Systematic Pan-Cancer Analysis of Somatic Allele Frequency Open Access
Downloadable ContentDownload PDF
Imbalanced expression of somatic alleles in cancer can suggest functional and selective features, and can therefore indicate possible driving potential of the underlying genetic variants. To explore the correlation between allele frequency of somatic variants, and total gene expression of their harboring gene, we used the unique data set of matched tumor and normal RNA and DNA sequencing data of 5523 distinct single nucleotide variants in 381 individuals across 10 cancer types obtained from The Cancer Genome Atlas (TCGA). We analyzed the purity-adjusted allele frequency in the context of the variant and gene functional features, and linked it with changes in the total gene expression.
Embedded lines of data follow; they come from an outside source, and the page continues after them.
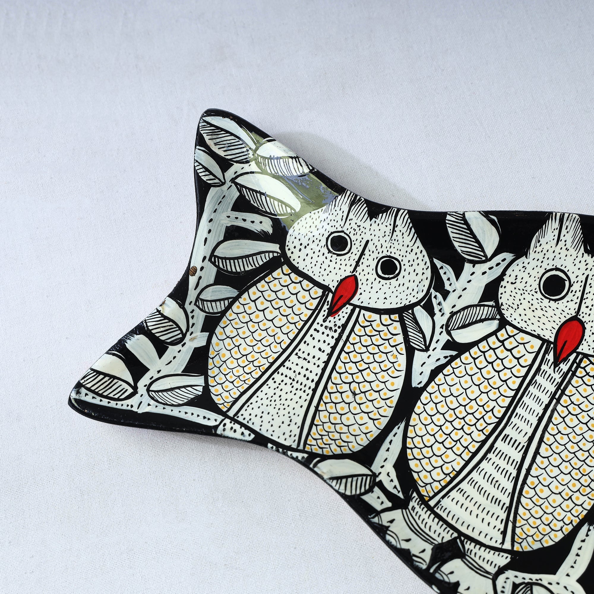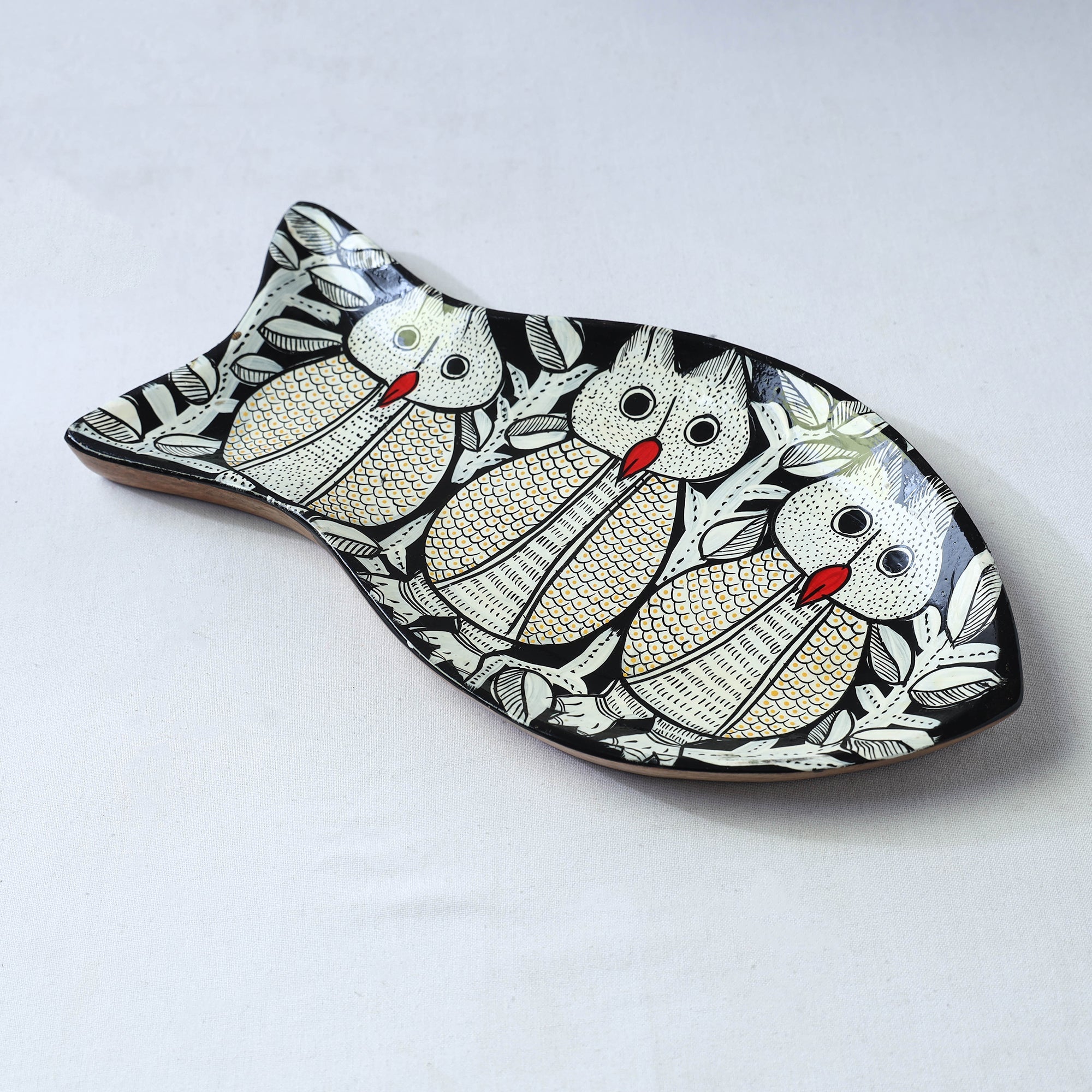 Traditional black pattachitra hand-painted Akashmoni wooden tray crafted in Midnapore by the family of Laltu Chitrakar. This tray features detailed pattachitra artwork made using acrylic colours and permanent ink on an Akashmoni wooden base. Known for its fine detailing, the Pattachitra style often illustrates mythological stories and folktales. The tray can be used for serving snacks or beverages, as a table decor accent, displayed as wall art or chosen as a thoughtful gifting option for art enthusiasts.
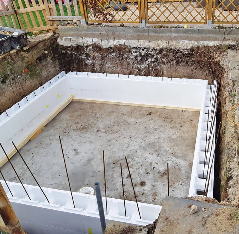 Schwieriger war das Einschalen der Wände, und das Ausgießen des Betons. Wir hatten stark damit zu kämpfen, dass sich kein Bauch bildet.
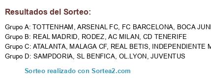 Lista de participantes: MALAGA CF, ARSENAL FC, RODEZ, JUVENTUS, SAMPDORIA, REAL BETIS, SL BENFICA, BOCA JUNIORS, CD TENERIFE, INDEPENDIENTE MEDELLIN, TOTTENHAM, REAL MADRID, OL.LYON, FC BARCELONA, ATALANTA, AC MILAN.
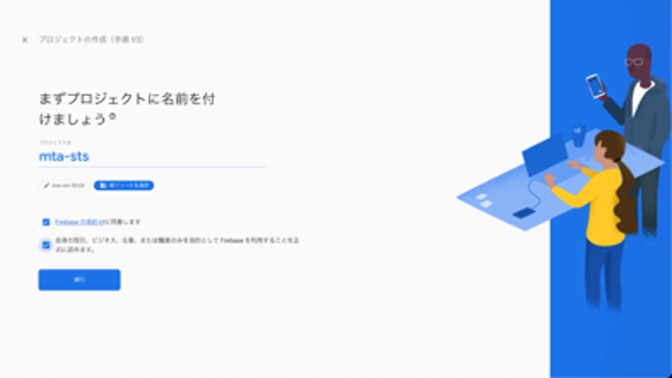 2. 任意のプロジェクト名を記載します。こちらのプロジェクト名はURLとは別のものになりますが、わかりやすくmta-stsとしました。
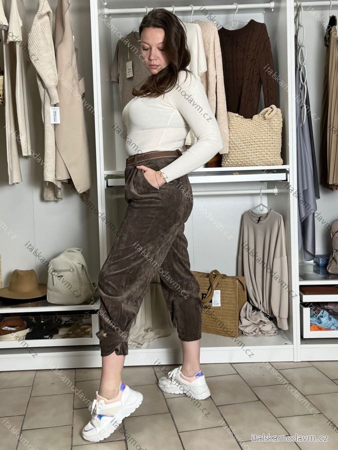 Kalhoty dlouhé s páskem manžestrové dámské SIMONA (XS/S/M ONE SIZE) IMPOZ25LV-25480/DU XS/S/M hnědá
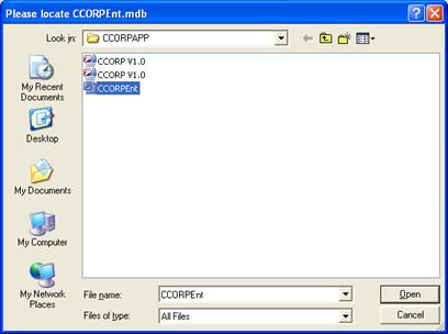 select CCORP V1.0 in File name (C:/CCORPAPP or the location where the original
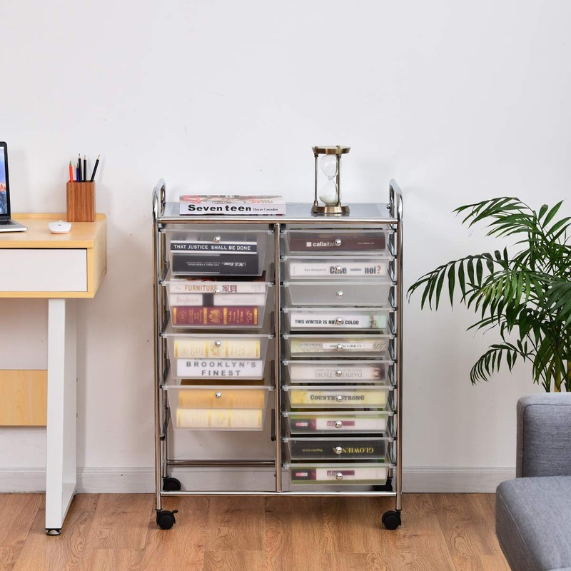 Moccha 15-Tier Drawer Storage Cart, Rolling Storage Cart with 4 Wheels, Drawer Storage Organizer, Suitable for Cosmetics, File, Office Supply, Perfect for Home and Studio (Clear)
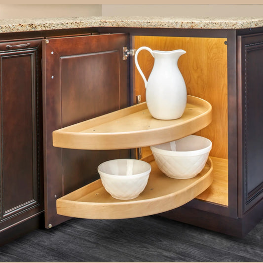 Natural Wood Half Moon Organizer for Blind Corner Cabinets
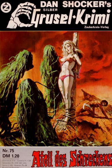 Das Titelbild ist von Rudolf Sieber-Lonati perfekt in Szene gesetzt worden. Im Blitz-Buchtext ist zwar kein Wort davon zu lesen, dass ein Seetangwesen am Bikinioberteil herumfummelt, aber das stört mich kaum. Sonst ist alles beinahe wie geschrieben. Nur der Einheimische namens Kuamo ist schon vor dem Erscheinen der Grünen davongekrochen und zurückgerudert, aber so erzeugt das Ganze ungleich mehr dramatisches Geschehen.
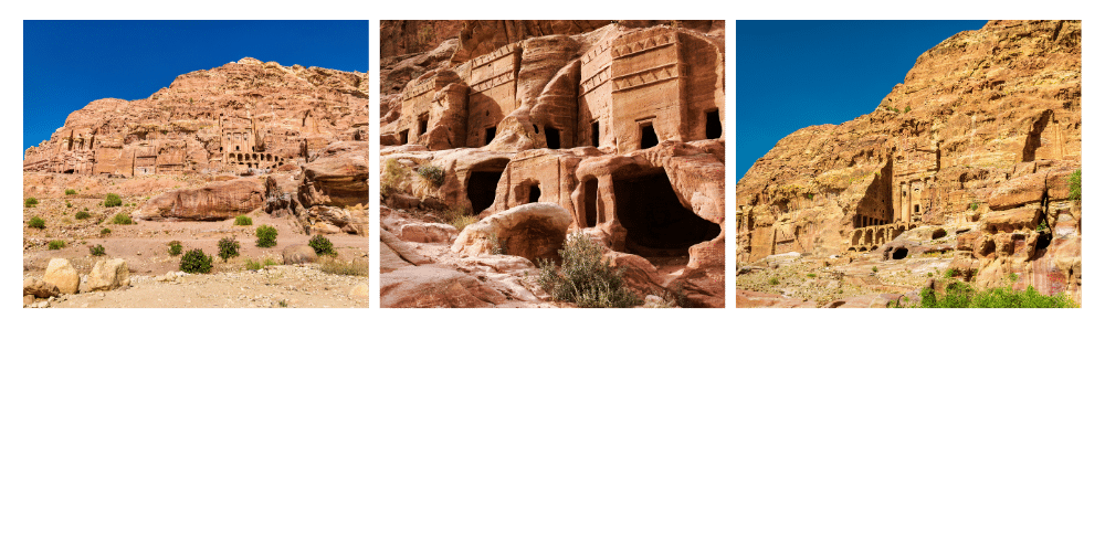 Dominant l’horizon oriental de la cité, les Tombeaux Royaux forment un ensemble spectaculaire de monuments funéraires taillés à même la roche. Parmi eux : la Tombe de l’Urne, la Tombe de la Soie, la Tombe Corinthienne ou encore celle du Palais. Ces façades géantes mêlent influences hellénistiques, romaines et nabatéennes, dans un foisonnement de détails sculptés. Leur fonction précise reste débattue : certains étaient probablement des mausolées princiers, d’autres de hauts lieux de mémoire ou de culte posthume. L’ensemble offre un point de vue magnifique sur la vallée et sur l’ingéniosité des bâtisseurs nabatéens.
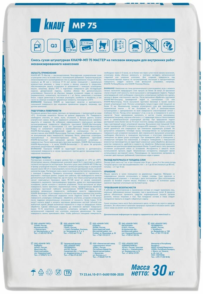 Штукатурка механизированная гипсовая Knauf МП 75 30 кг
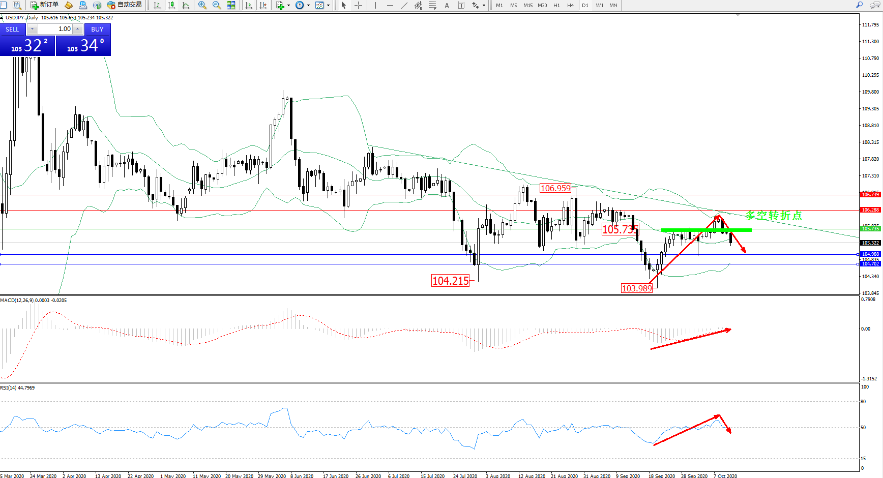 多空转折点:105.735
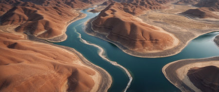 AI Generated. Aerial View of a Winding River Cutting Through a Desert Landscape
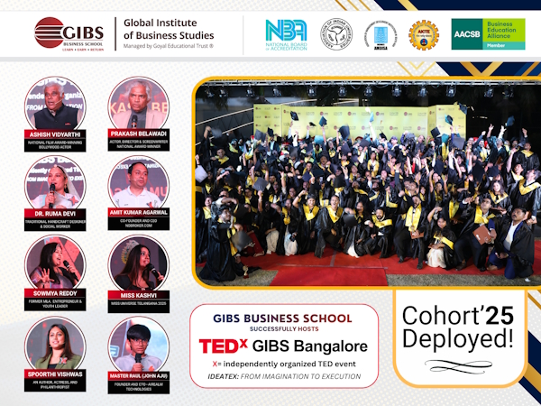 Bengaluru: 19.01.2026 : GIBS Business School, Bengaluru, recently concluded two major institutional milestones—the TEDxGIBS Bangalore event held on 10 January 2026, and the PGDM Convocation Ceremony 2025 conducted earlier on 27 December 2025. Together, these events reflect GIBS’ continuing focus on thought leadership, academic excellence, and holistic student development.
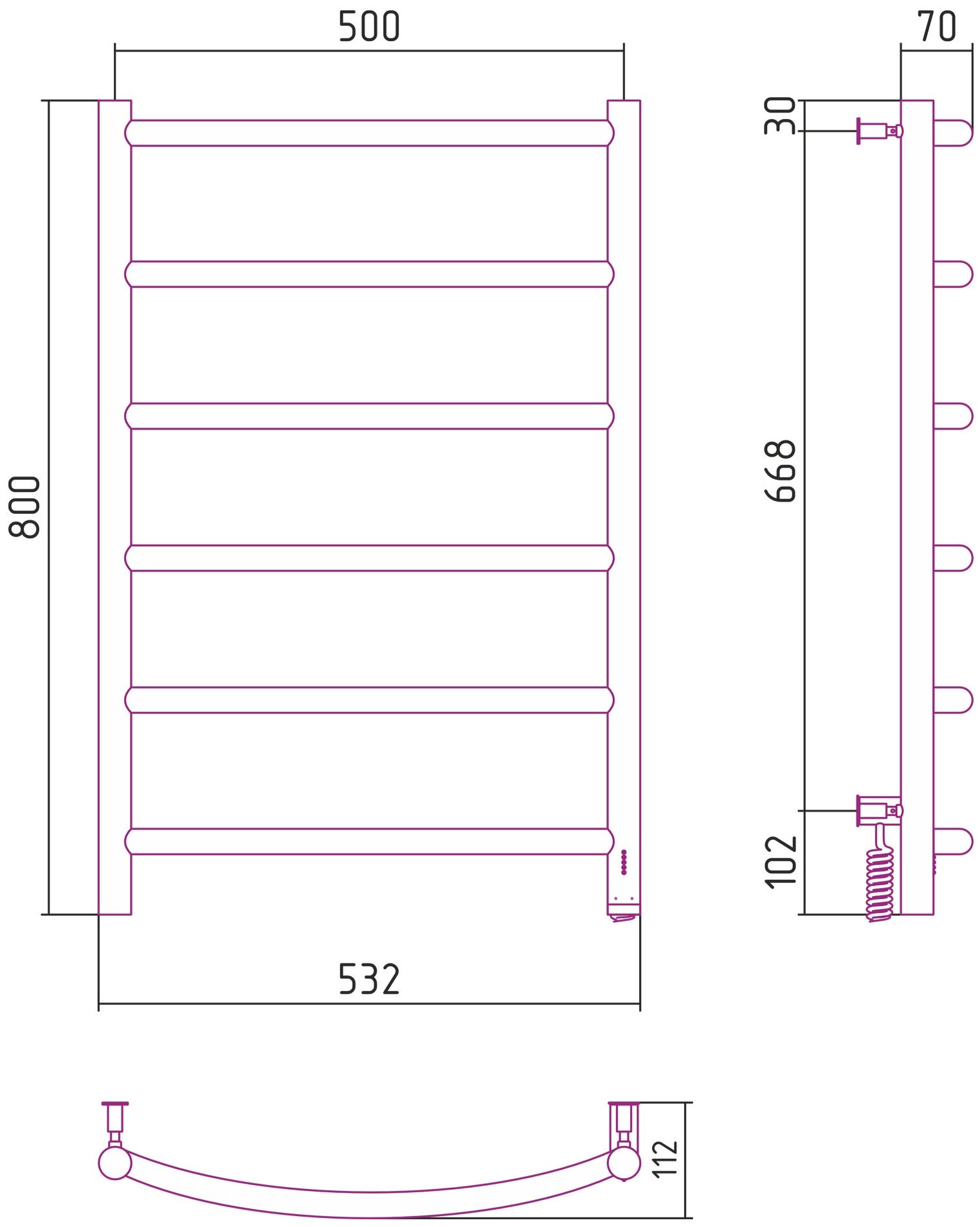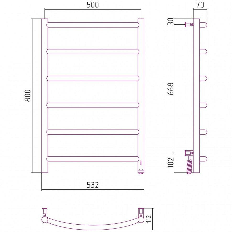 Полотенцесушитель Электрический Тругор Пэк сп 5 П 60х50 черный ВГП
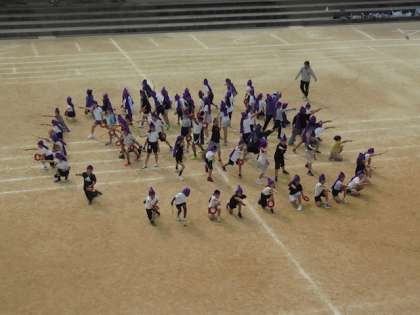 4年生は「舞え!丸山エイサー!」をしました。元気いっぱい全力で踊っています。
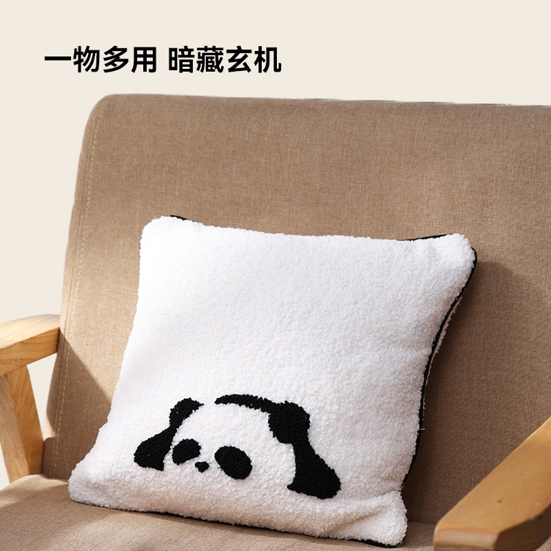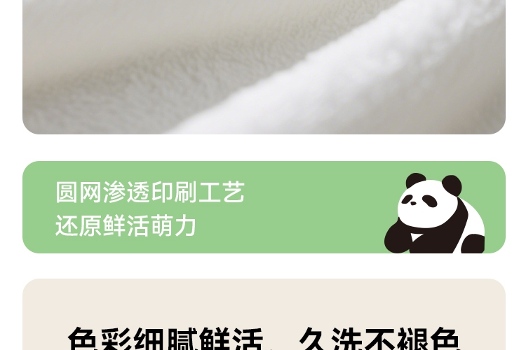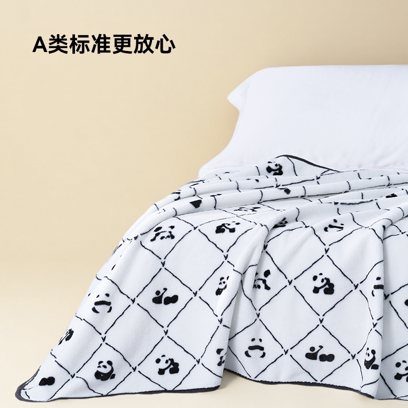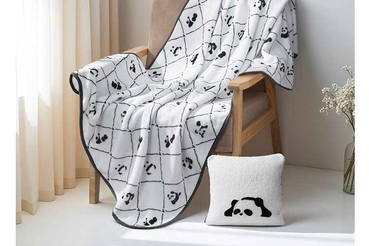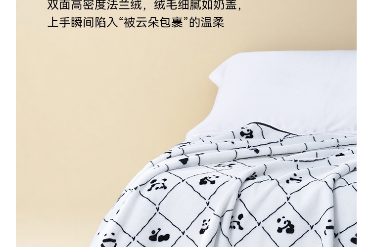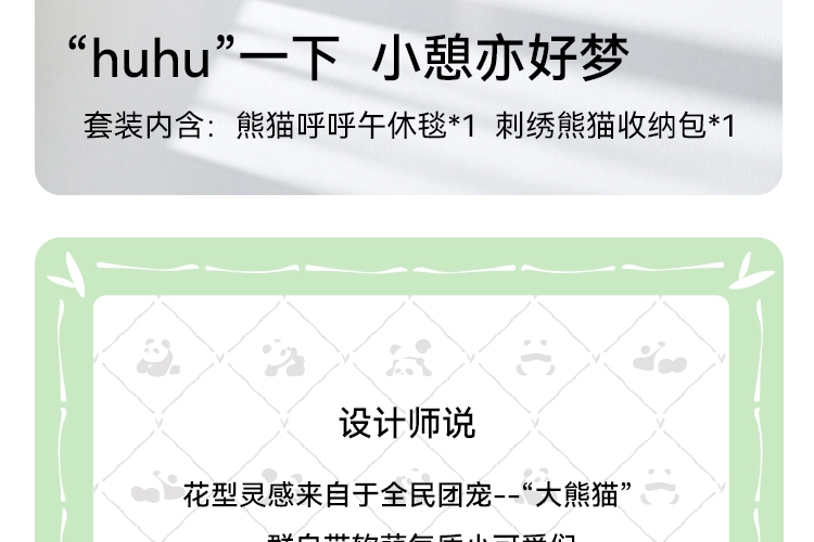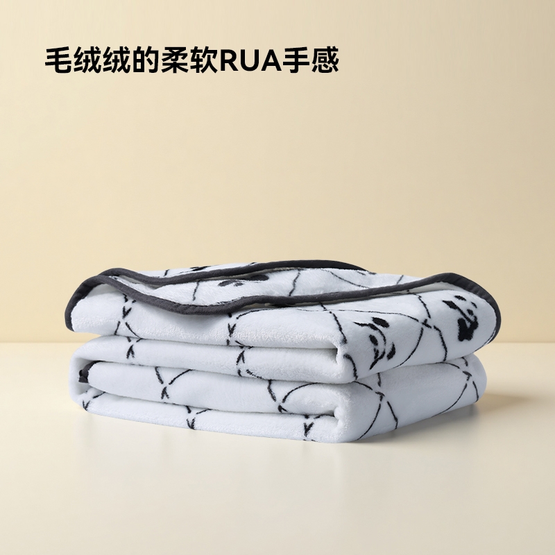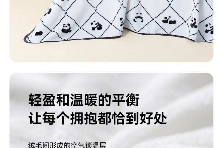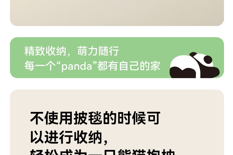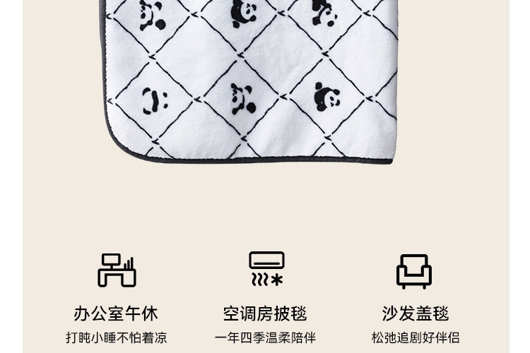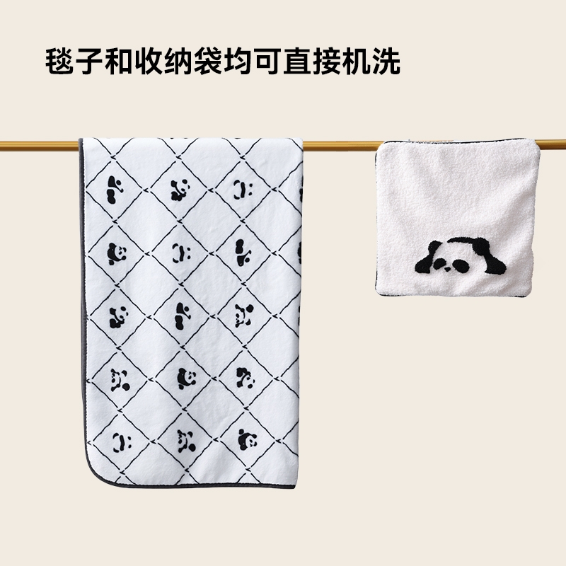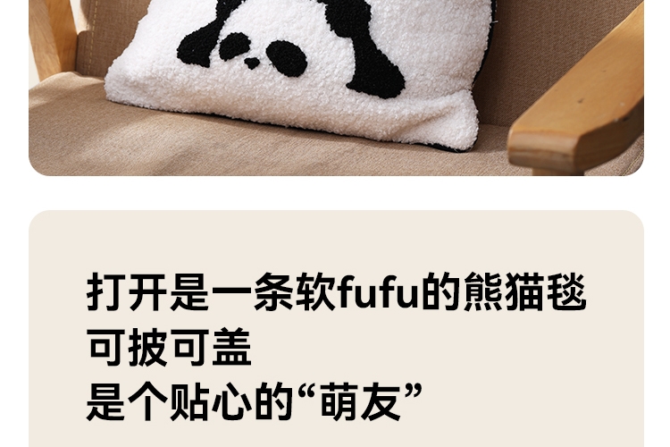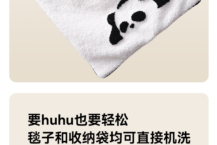 花型灵感来自于全民团宠--“大熊猫”;是贴心的前提 毛绒绒的柔软RUA手感;不使用披毯的时候可以进行收纳 轻松成为一只熊猫抱枕;要huhu也要轻松 毯子和收纳袋均可直接机洗

We documented higher allele frequency of somatic variants in cancer-implicated genes (Cancer Gene Census, CGC). Furthermore, somatic alleles bearing premature terminating variants (PTVs), when positioned in CGC genes, appeared to be less frequently degraded via nonsense-mediated mRNA decay, indicating possible favoring of truncated proteins by the tumor transcriptome. Among the genes with multiple PTVs with high allele frequency were key cancer genes including ARID1, TP53 and NSD1. Altogether, our analysis suggests that high allele frequency of tumor somatic variants can indicate driving functionality, and can serve to identify potential cancer-implicated genes.